Saved entries
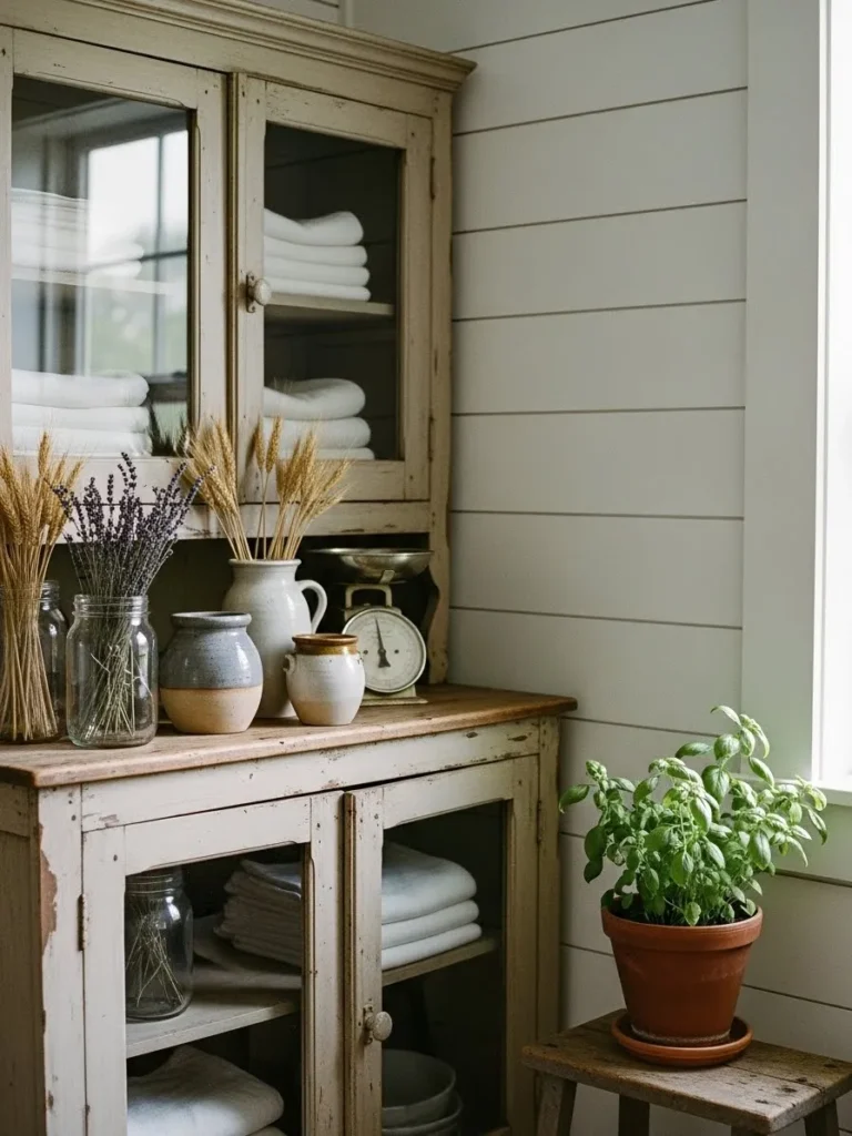 This sweet little farmhouse moment brings together everything I adore about rustic simplicity. The weathered cabinet feels perfectly loved with its soft cream finish and gentle distressing that gives it so much character. Stacks of fresh white linens sit behind glass doors and instantly make the whole space feel calm and collected. The mix of stoneware jugs, mason jars filled with dried stems, and an old-fashioned scale adds that honest homestead touch that never goes out of style. A small potted basil plant sits on a wooden stool nearby and brings a breath of life to the room with its lush green leaves. The whole setup is bathed in natural window light that makes every texture feel warm and inviting.
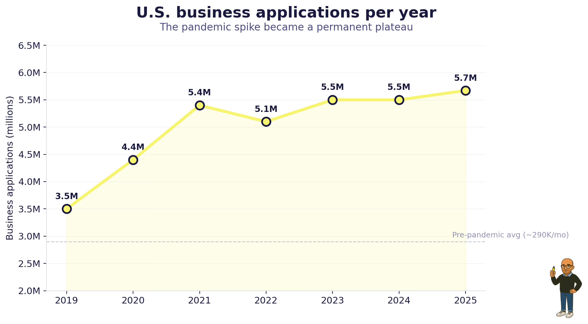 The SBA recorded 440,000 new business applications per month during the Biden administration, a rate 90% above pre-pandemic averages. In 2025, 5.67 million new business applications were filed. An all-time record.
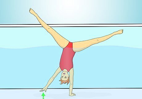 Perform and hold a two-handed handstand in water. After you have learned how to hold a two-handed handstand in water, you are now ready to start learning how to do one-handed handstands. Learning to do a one-handed handstand can be a lot more difficult and take a lot more time to learn than a two-handed handstand. Be patient.
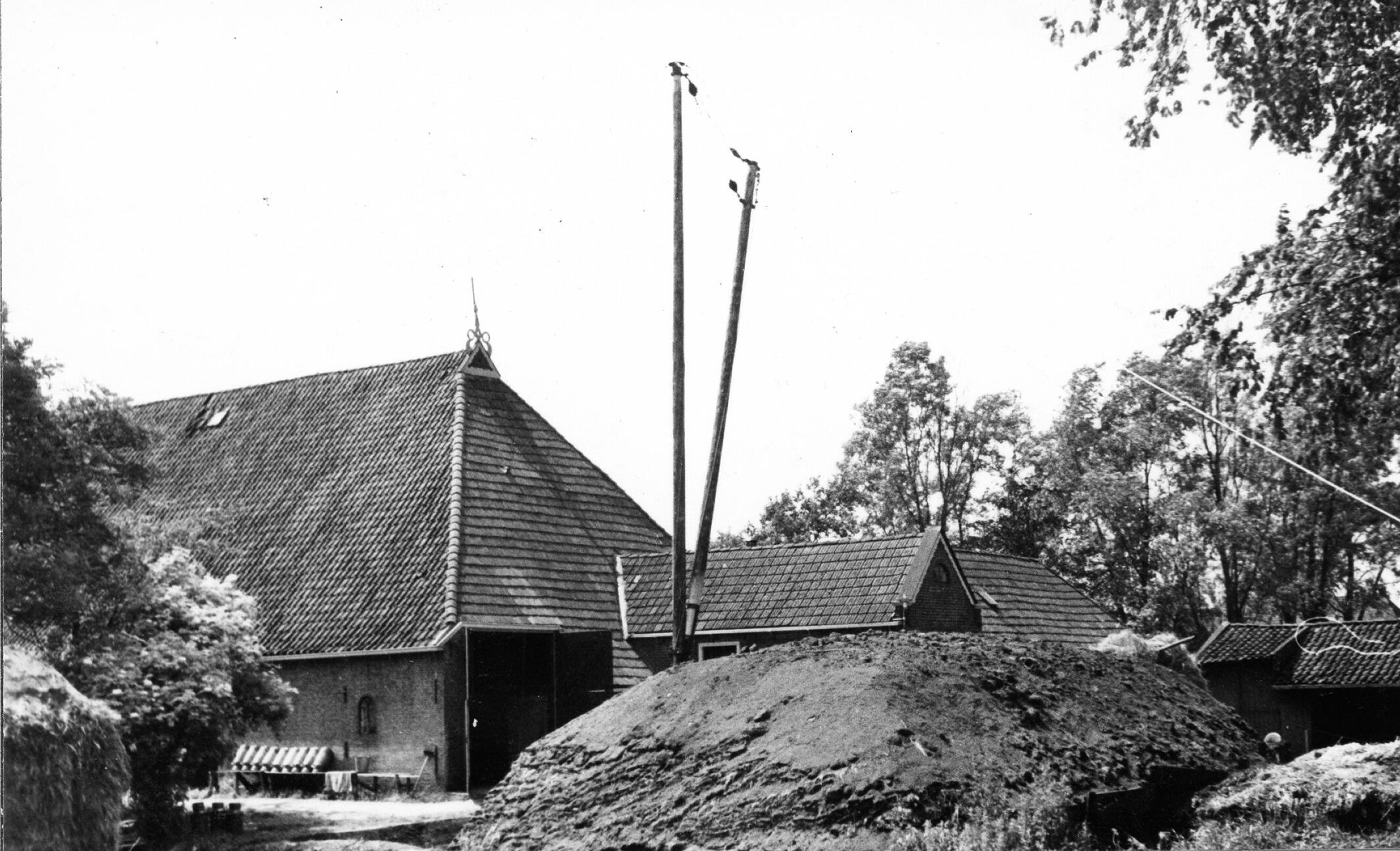 Achtererf van een boerderij in het Friese De Knipe, met een voederkuil en hijsmast.
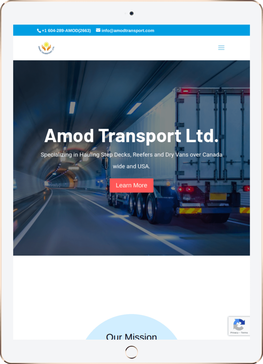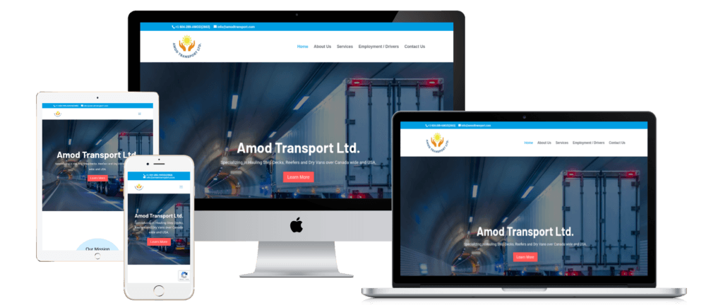 Website Design for Amod Transport Ltd. - amodtransport.com | Trucking Services Across Canada And USA, Step Deck Hauling Services, Reefer Transportation Solutions, Dry Van Freight Shipping, Reliable Logistics And Transportation Solutions
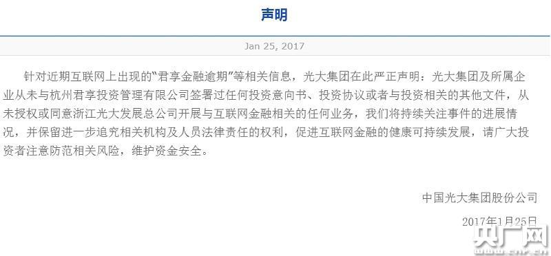 早在2016年6月30日,浙江光大發(fā)展總公司發(fā)布了一則關(guān)于戰(zhàn)略投資企業(yè)及戰(zhàn)略合作伙伴的聲明。聲明中明確君享金融是其子公司的戰(zhàn)略合作伙伴,但在君享金融出事當(dāng)天,也就是2017年1月8日,光大方面卻將上述聲明中關(guān)于君享金融的內(nèi)容刪除。
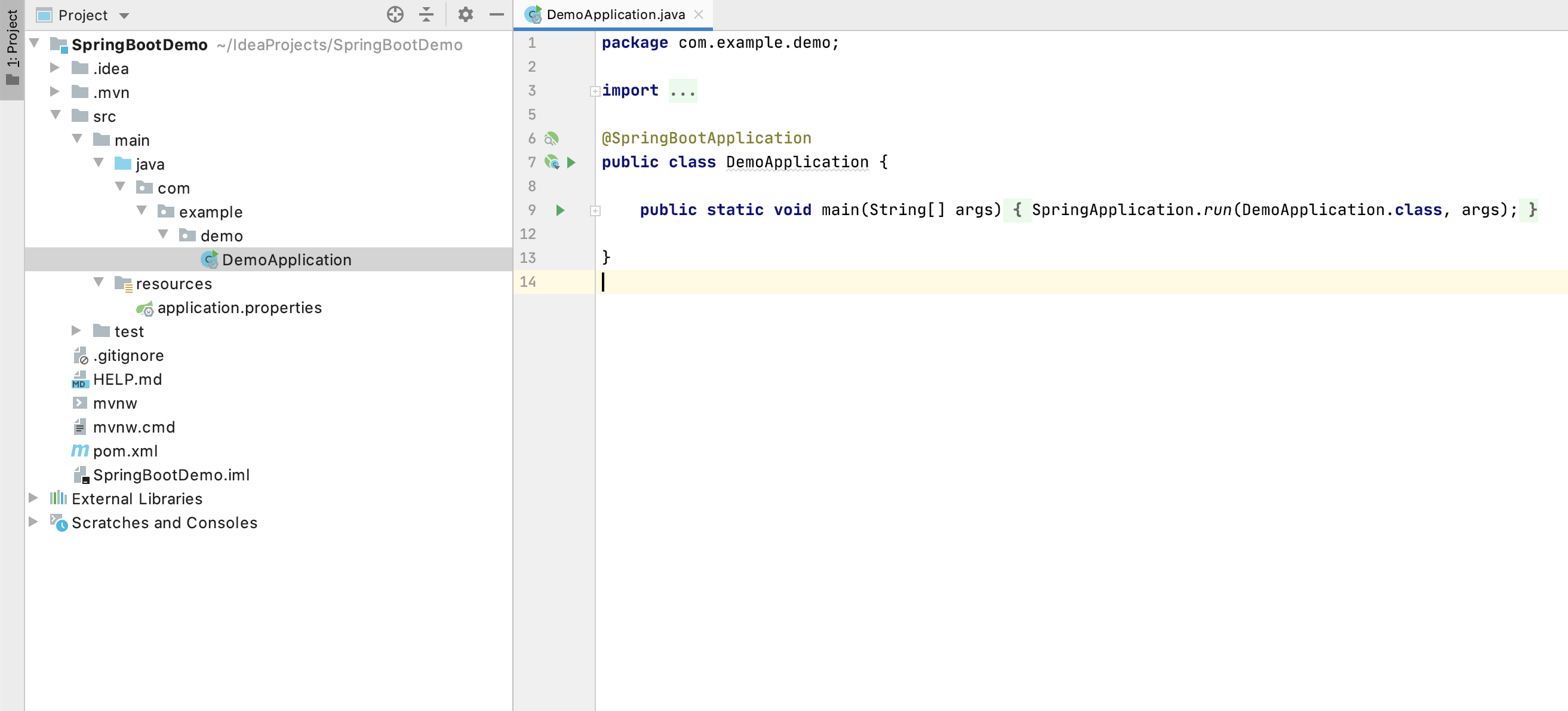 DemoApplication 就是 SpringBoot的启动类,直接 右键 > Run 运行一下试试
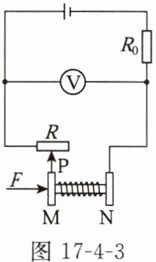 8. 图17-4-3是一款电子握力计的电路原理图,$M$、$N$均为金属板,$N$固定不动,当握力$F$增大时,下列判断正确的是(
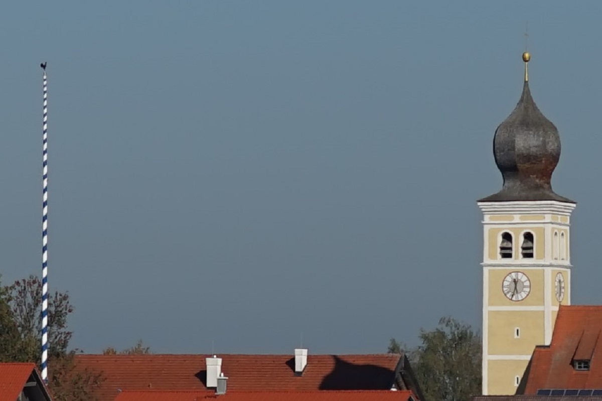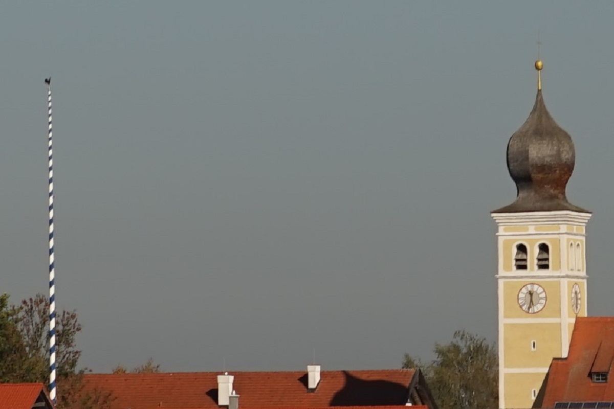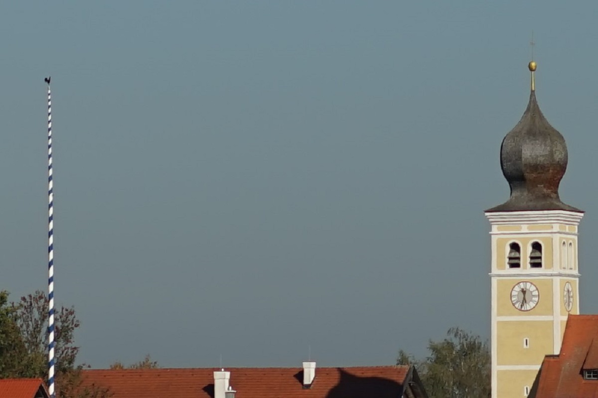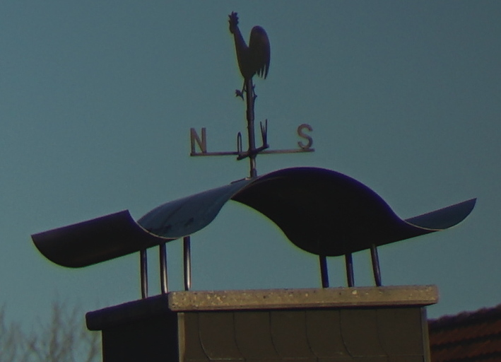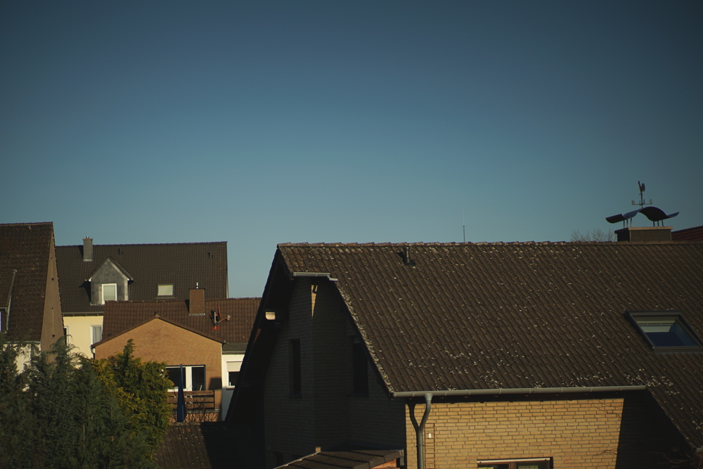 Hier eine Totale, manuell fokussiert auf den Kamin mit Wetterhahn. Die Vignettierung lässt ahnen, was die Stunde geschlagen hat. Worst Case volle Öffnung f2:
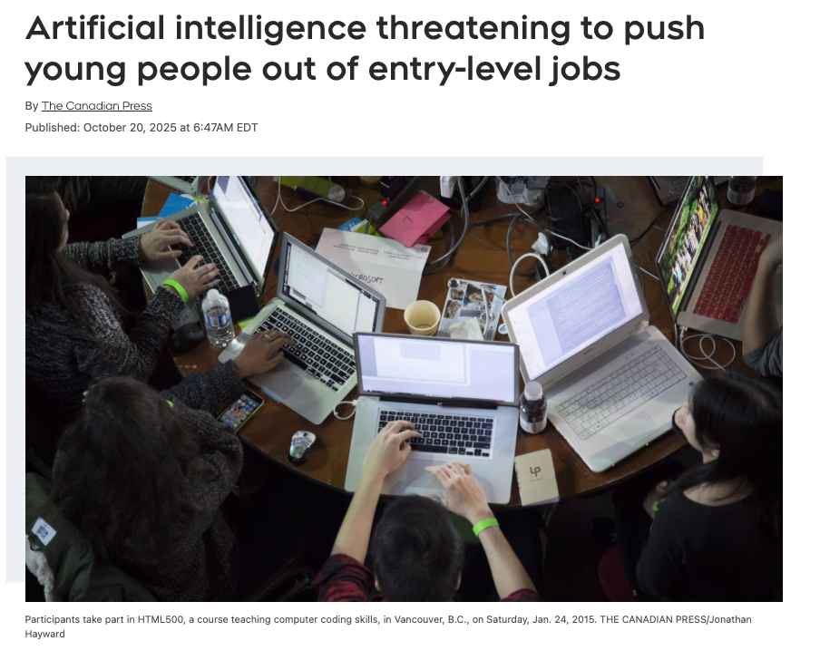 “正因为这些工作在消失……我们看到可供新人的入门岗位数量正在减少。”
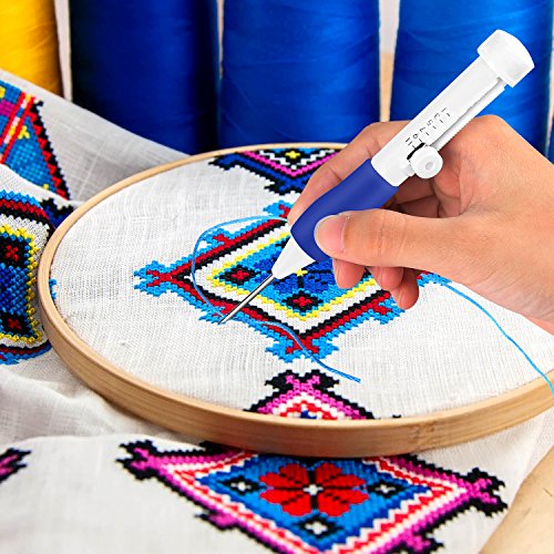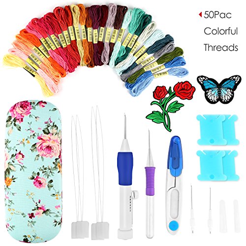 Vanzon Magic Embroidery Pen Punch Needles, Embroidery Pen Set Knitting Sewing Tool With Storage Box 50 Colored Threads For DIY Sewing
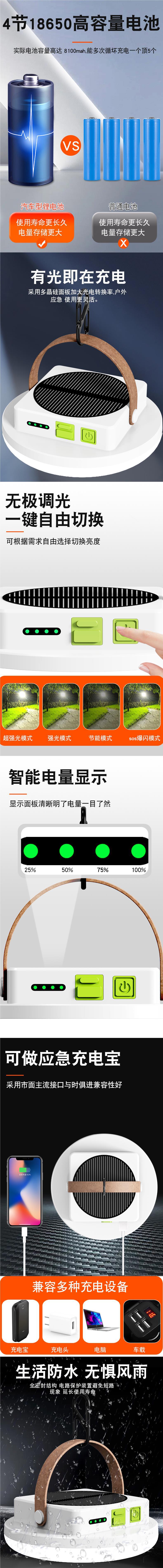 캠핑 조명 긴 내구성 태양 야외 휴대용 캠핑 정전 캠프 캐노피 텐트 충전 조명
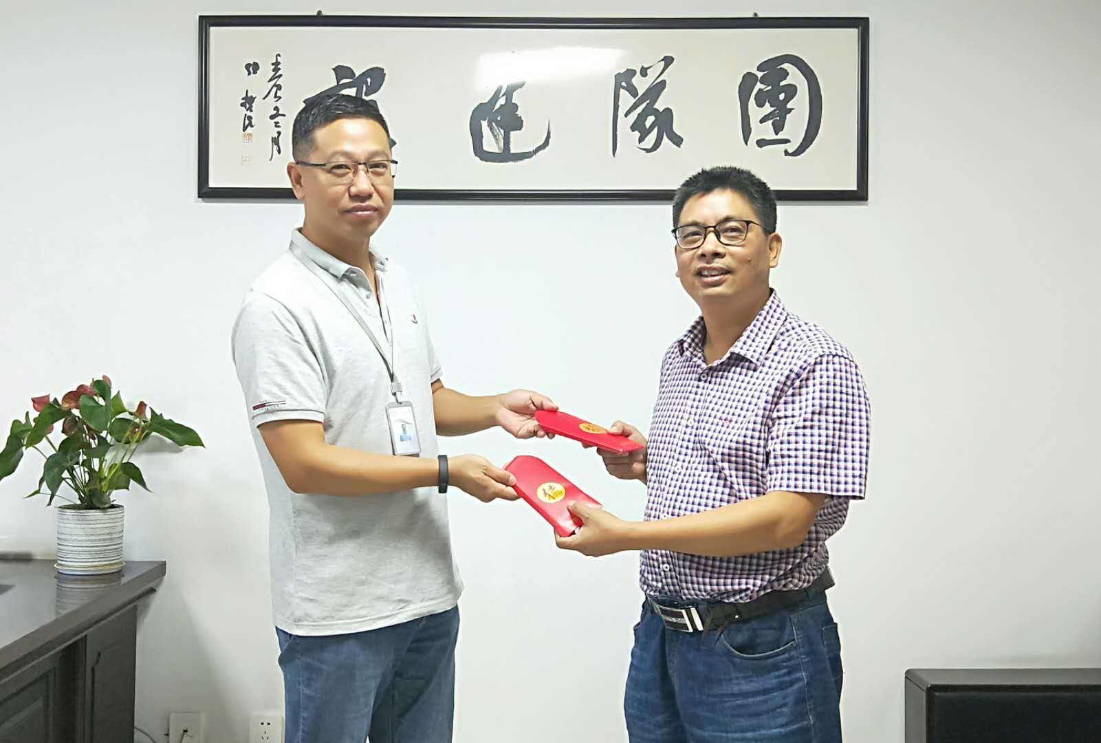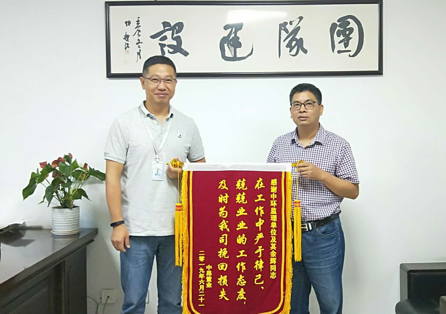 6月25日上午,金华市中昂置业有限公司副总经理华军一行带着锦旗和奖励金专程前来公司致谢。公司总经理张晓宏代表公司受谢。

(Directions)
What do the entries above read from the line containing "The SBA recorded" through the line containing "Achtererf van een"? Output those lines exactly, both ends included, with the pictures left out.

(Task output)
 The SBA recorded 440,000 new business applications per month during the Biden administration, a rate 90% above pre-pandemic averages. In 2025, 5.67 million new business applications were filed. An all-time record.
 Perform and hold a two-handed handstand in water. After you have learned how to hold a two-handed handstand in water, you are now ready to start learning how to do one-handed handstands. Learning to do a one-handed handstand can be a lot more difficult and take a lot more time to learn than a two-handed handstand. Be patient.
 Achtererf van een boerderij in het Friese De Knipe, met een voederkuil en hijsmast.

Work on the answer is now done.